Start of Material for this exercise
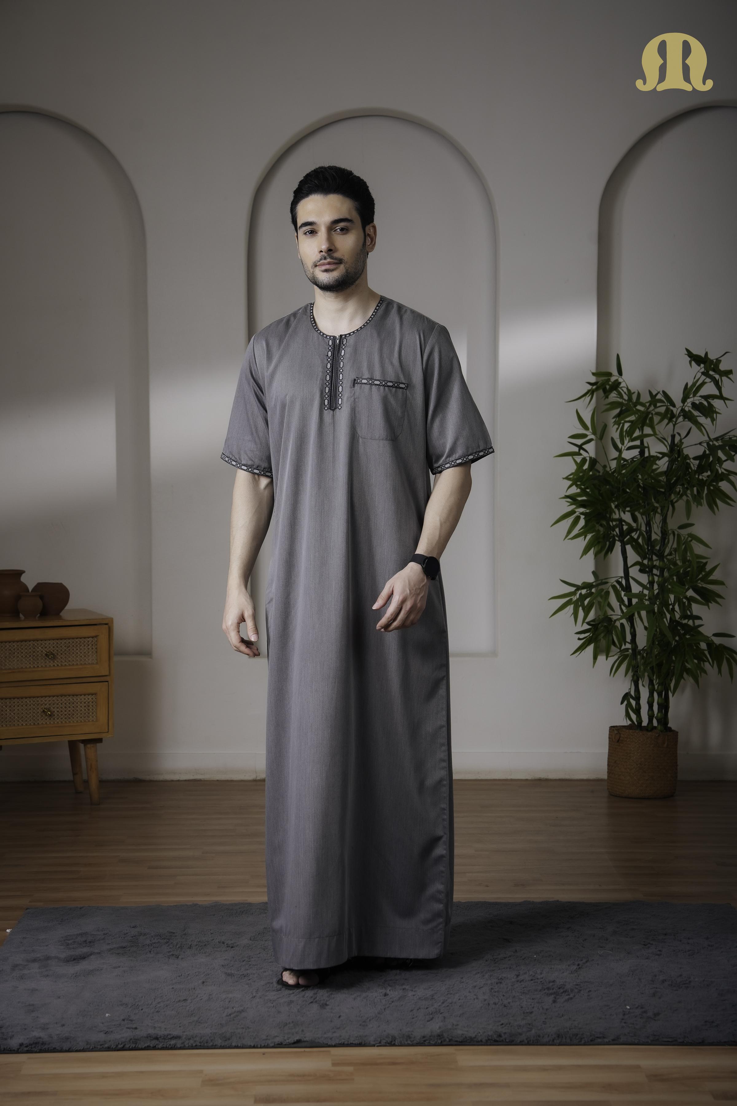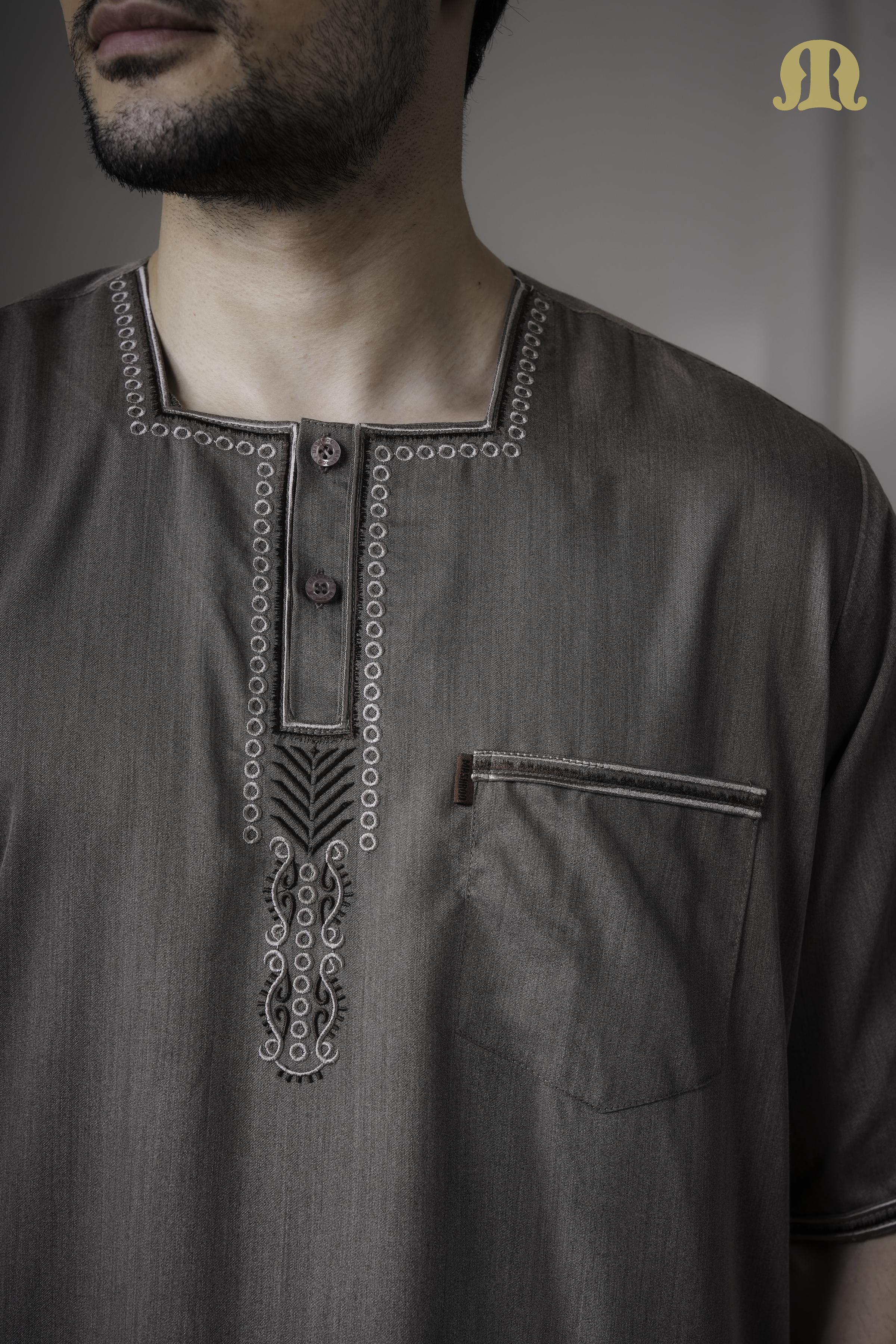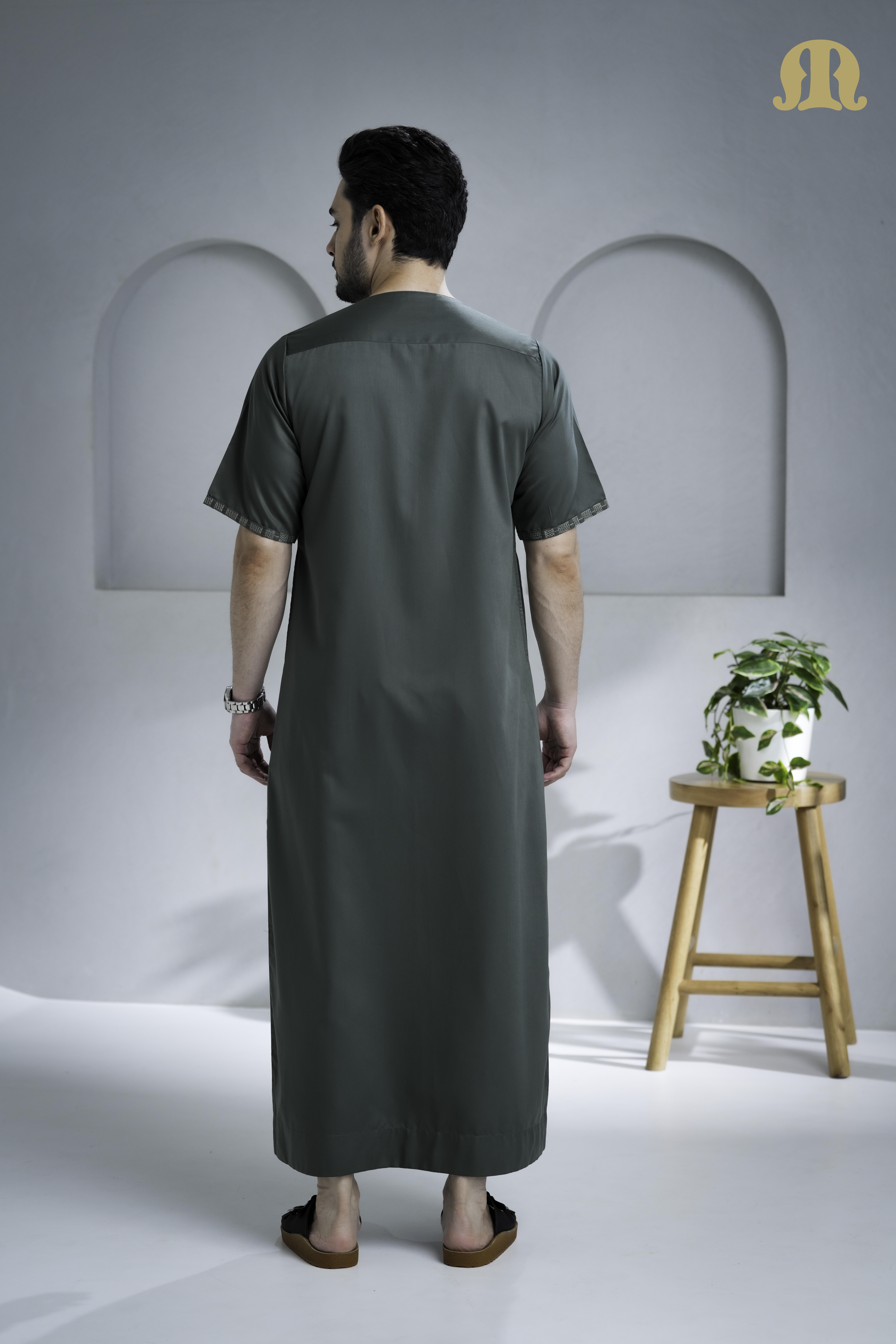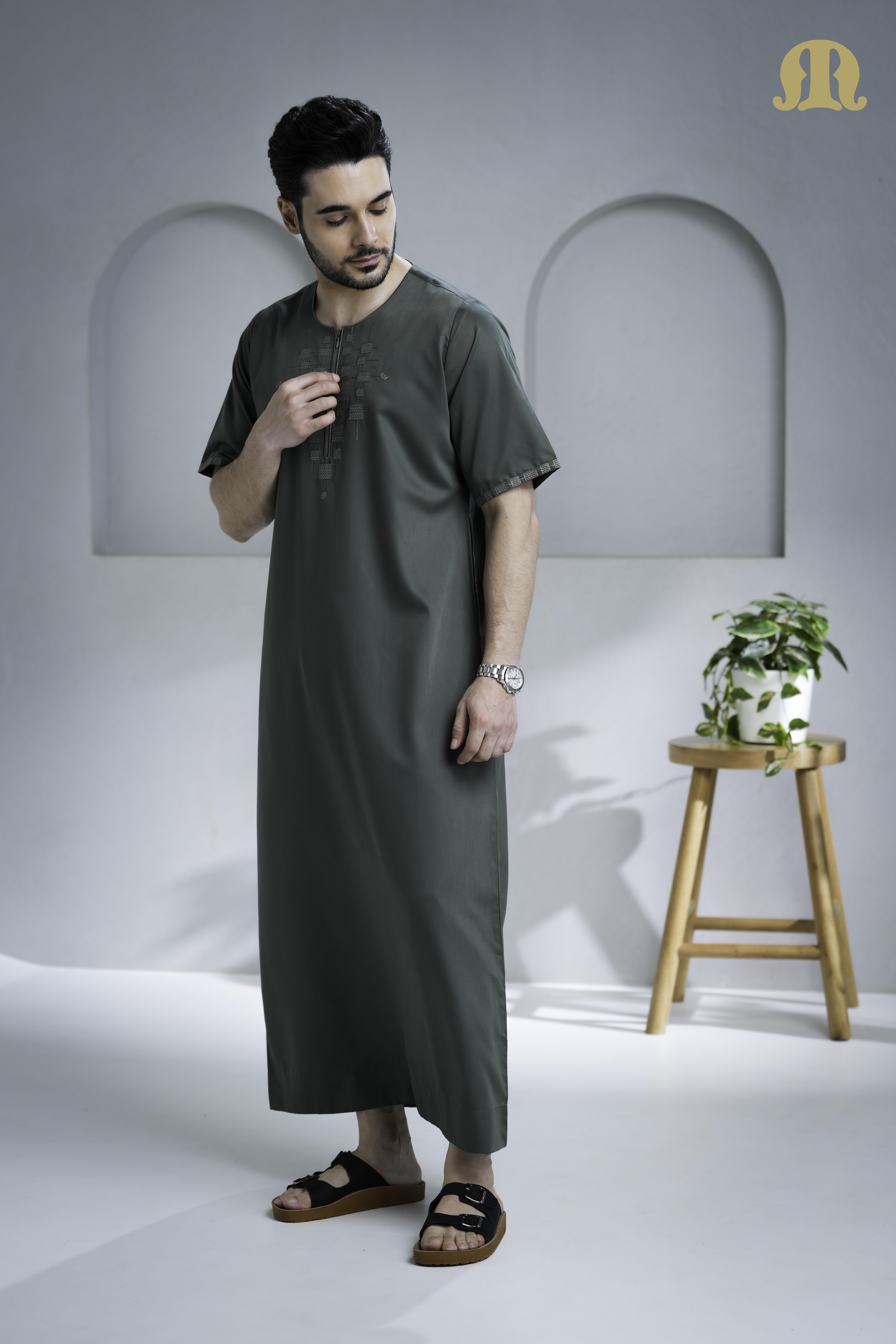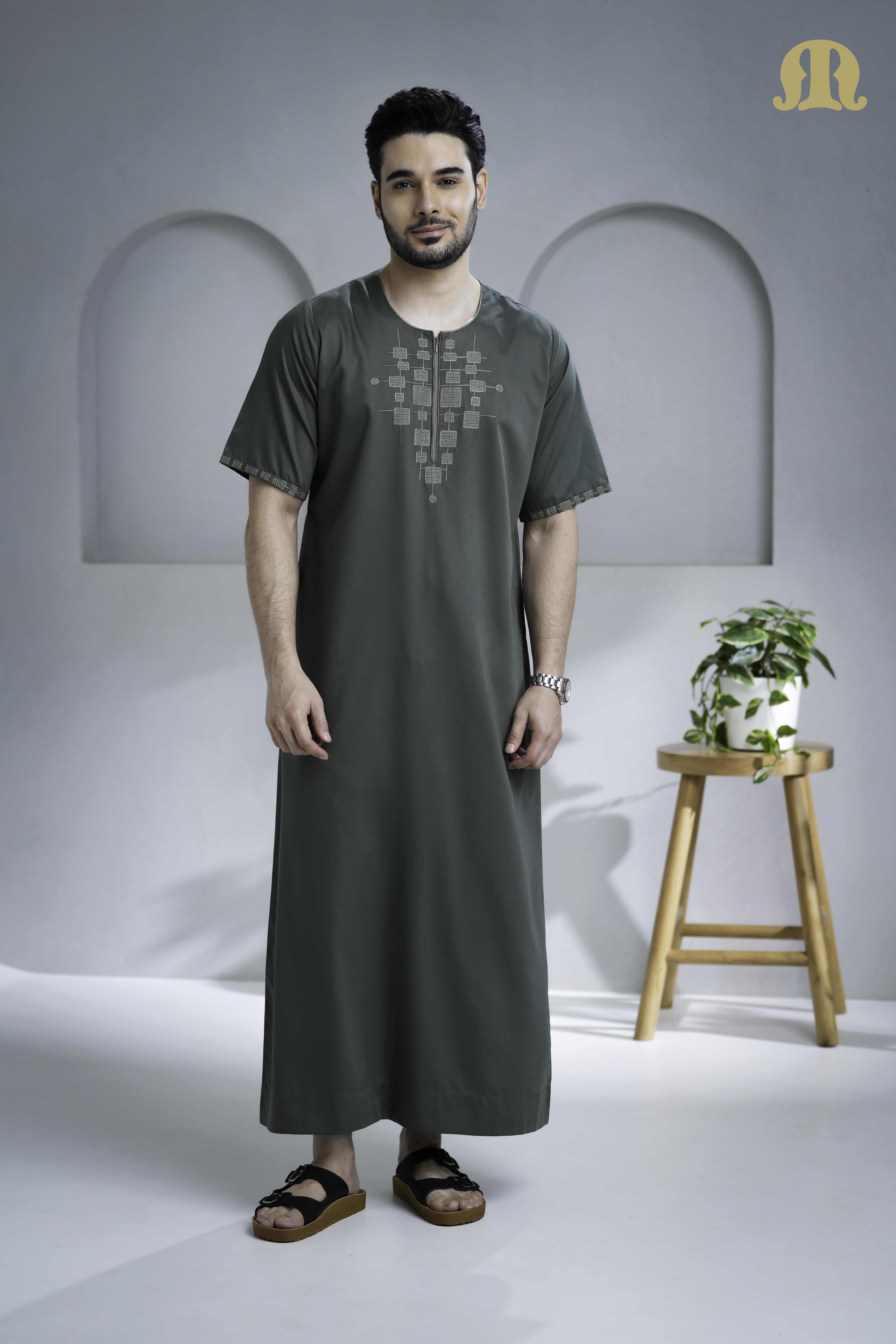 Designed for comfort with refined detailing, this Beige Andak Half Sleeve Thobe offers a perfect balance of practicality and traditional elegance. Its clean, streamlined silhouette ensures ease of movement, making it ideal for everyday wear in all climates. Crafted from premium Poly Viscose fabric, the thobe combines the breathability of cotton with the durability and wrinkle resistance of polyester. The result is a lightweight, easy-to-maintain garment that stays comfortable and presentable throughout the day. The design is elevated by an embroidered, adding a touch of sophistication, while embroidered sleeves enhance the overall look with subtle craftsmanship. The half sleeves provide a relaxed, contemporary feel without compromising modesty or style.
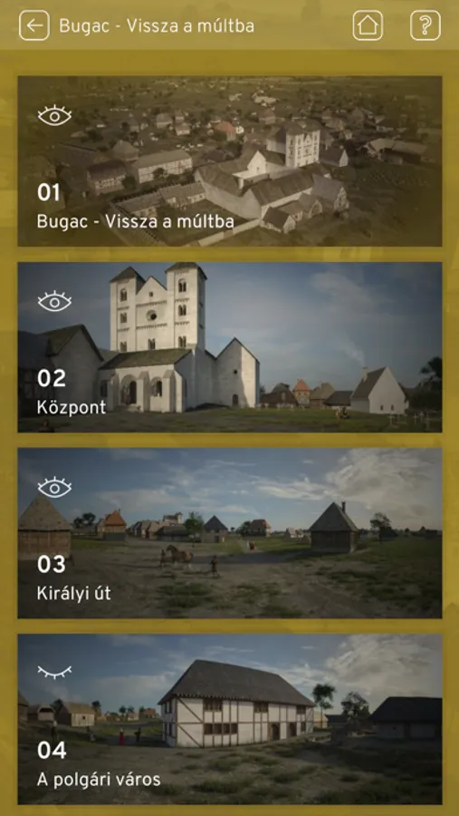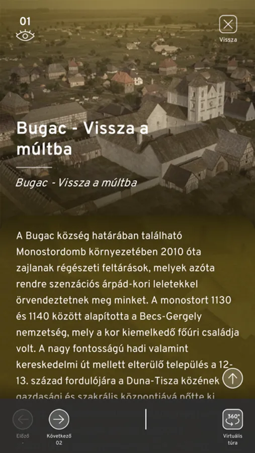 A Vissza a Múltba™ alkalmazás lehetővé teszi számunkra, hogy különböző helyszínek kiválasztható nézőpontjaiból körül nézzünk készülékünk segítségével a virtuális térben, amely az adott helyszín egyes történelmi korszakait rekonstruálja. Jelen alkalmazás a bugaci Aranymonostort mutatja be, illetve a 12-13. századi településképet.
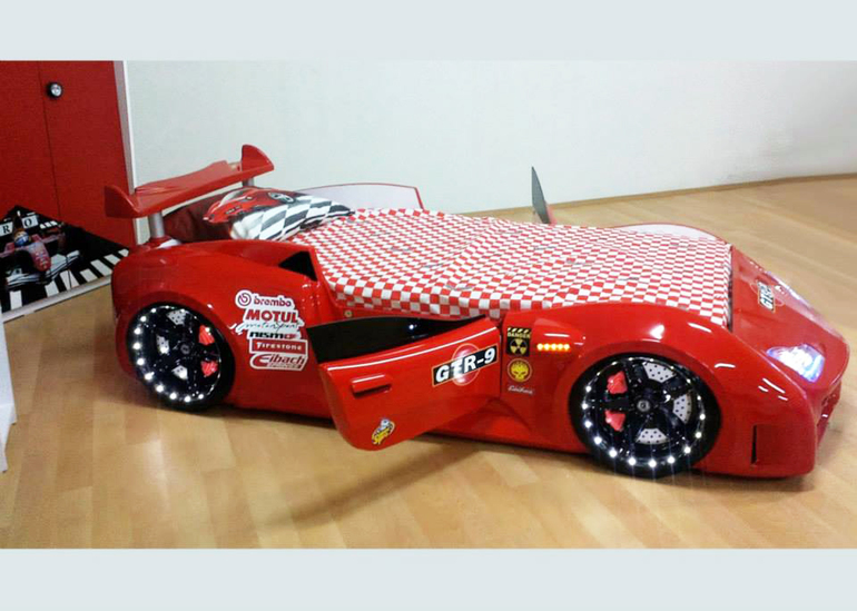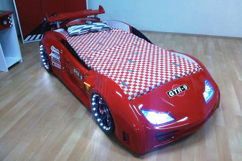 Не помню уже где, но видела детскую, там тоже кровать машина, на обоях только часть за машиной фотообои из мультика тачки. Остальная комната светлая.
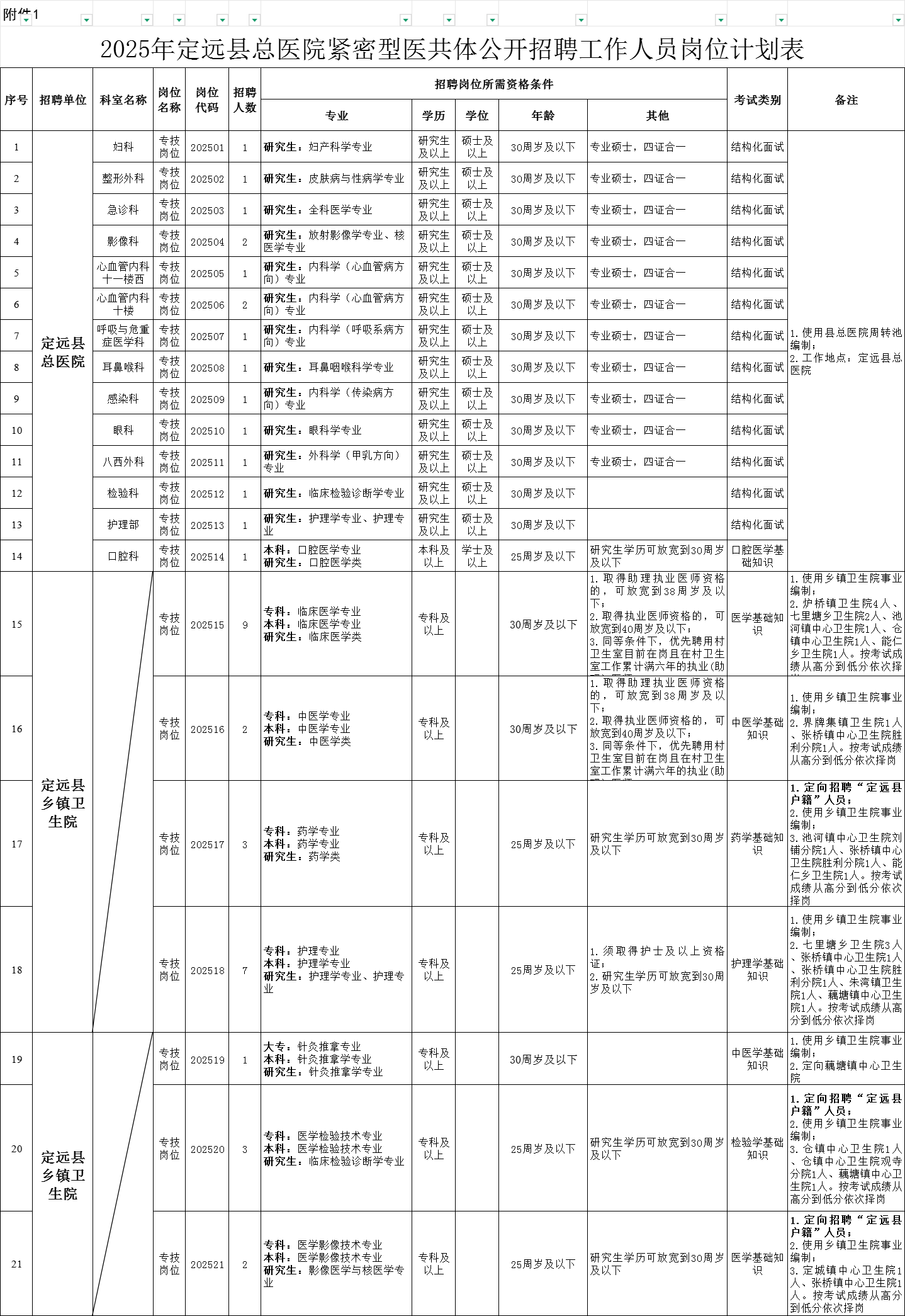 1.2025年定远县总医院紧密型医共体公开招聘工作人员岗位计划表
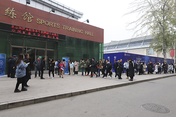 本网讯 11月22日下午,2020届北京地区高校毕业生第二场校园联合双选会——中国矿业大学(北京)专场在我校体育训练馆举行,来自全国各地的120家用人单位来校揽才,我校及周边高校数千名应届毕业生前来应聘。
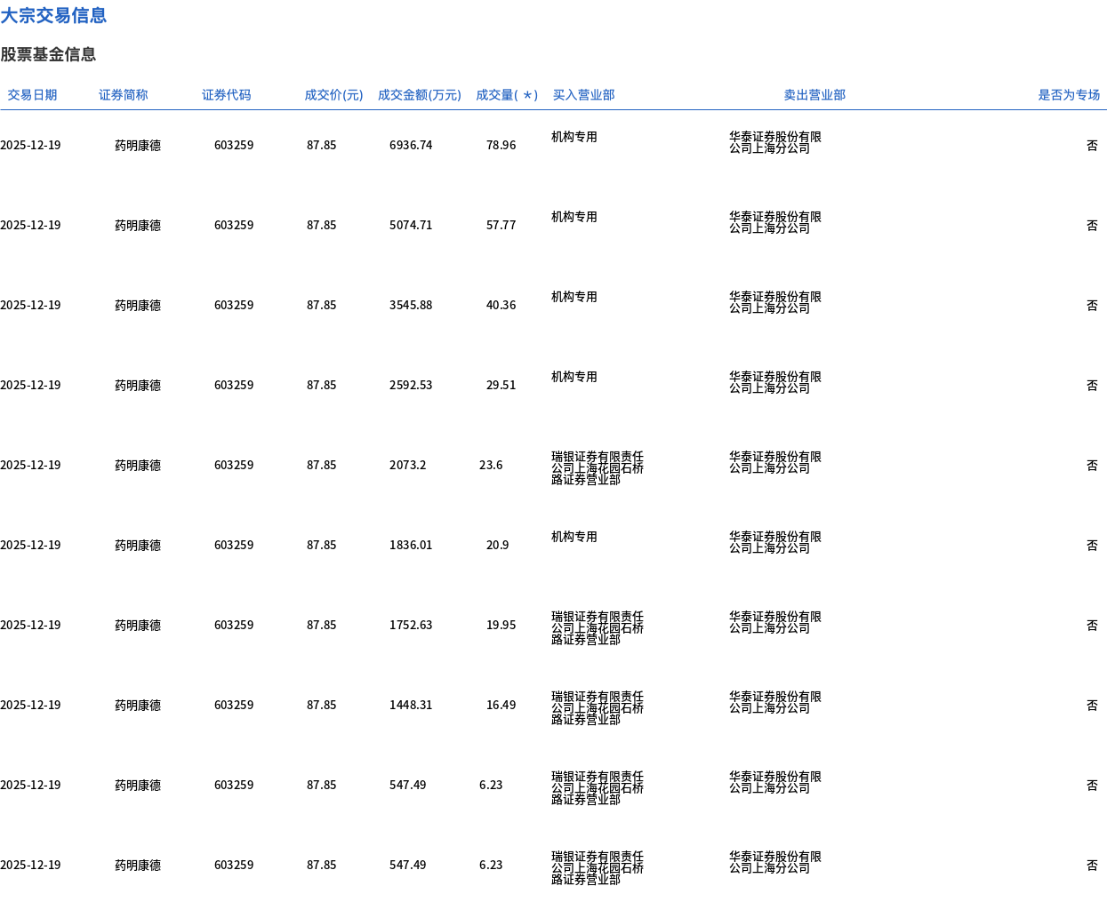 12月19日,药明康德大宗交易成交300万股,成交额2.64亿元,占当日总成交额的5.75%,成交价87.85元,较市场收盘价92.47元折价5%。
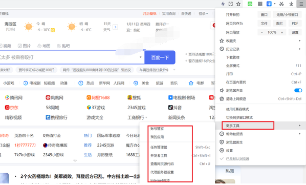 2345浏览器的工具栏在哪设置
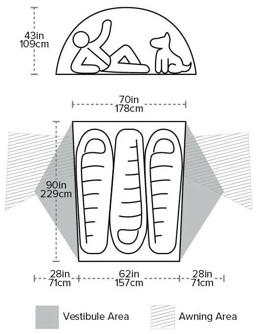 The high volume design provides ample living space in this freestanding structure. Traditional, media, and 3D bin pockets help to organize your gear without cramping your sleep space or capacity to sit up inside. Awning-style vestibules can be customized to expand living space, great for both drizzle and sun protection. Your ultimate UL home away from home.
End of Material for this exercise
▶ Prompt
From the line containing "本网讯 11月22日下午,2" down to the last line of the records above, repeat every line exactly and nothing else, dropping any pictures.

▶ Solution to this task
 本网讯 11月22日下午,2020届北京地区高校毕业生第二场校园联合双选会——中国矿业大学(北京)专场在我校体育训练馆举行,来自全国各地的120家用人单位来校揽才,我校及周边高校数千名应届毕业生前来应聘。
 12月19日,药明康德大宗交易成交300万股,成交额2.64亿元,占当日总成交额的5.75%,成交价87.85元,较市场收盘价92.47元折价5%。
 2345浏览器的工具栏在哪设置
 The high volume design provides ample living space in this freestanding structure. Traditional, media, and 3D bin pockets help to organize your gear without cramping your sleep space or capacity to sit up inside. Awning-style vestibules can be customized to expand living space, great for both drizzle and sun protection. Your ultimate UL home away from home.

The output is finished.